Parents of children with congenital heart disease

Coping

When parents plan a family they hope and expect to have normal healthy children. The birth of a child with a disability entails a major change in their daily life and their prospects for the future.

While many parents were still facing uncertainty and future operations, others whose child had already had successful corrective surgery felt the worst was behind them and could be positive about the future. All however had had to find a way to adapt to and cope with their child's illness.

Parents had to cope with uncertainty about their child's future. One mother had learnt to accept that it is impossible to predict what might happen in the future for her son who has hypertrophic cardiomyopathy. Parents of one child who would need further operations said they coped by not dwelling too much on the future and taking each day as it came. Another mother described how she had days when she had negative thoughts but tried to push them to the back of her mind. Many were optimistic that paediatric heart surgery would continue to progress and new treatments would be available in five or ten years.

The mother of a child who had had successful corrective surgery describes feeling positive about the future. One couple said they now felt able to plan the future. Another mother said she still found it hard to make any plans. One mother of a child aged 12 who had surgery as a baby and needed no more treatment explains that apart from check-ups and occasional worries over the years, it was now a distant memory.

One couple whose son still had to have his first operation had fears for the future, which made them aware of the importance of enjoying what they had.
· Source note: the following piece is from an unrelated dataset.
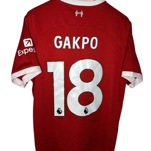 Sælger denne helt nye Liverpool trøje med Cody Gakpo bagpå. Trøjen er 100% ægte og har stadig pristag på sig. Det er en player version, hvorfor trøjen koster over 1300,- for ny.

Parents said they had become more confident and it had become easier to cope as their child got older. Although many had gone through a roller-coaster ride of emotions, they had found that they could cope. One mother said that the worst thing had been getting the diagnosis and nothing they had to face in the future would compare with the emotions they experienced that day.

Some parents also had to cope with comments from other people about their child's size or development. One mother said that comments from people that her son's development was slower than children the same age used to make her upset and angry. Another had found it helped to have confidence herself about the reasons for her daughter being small.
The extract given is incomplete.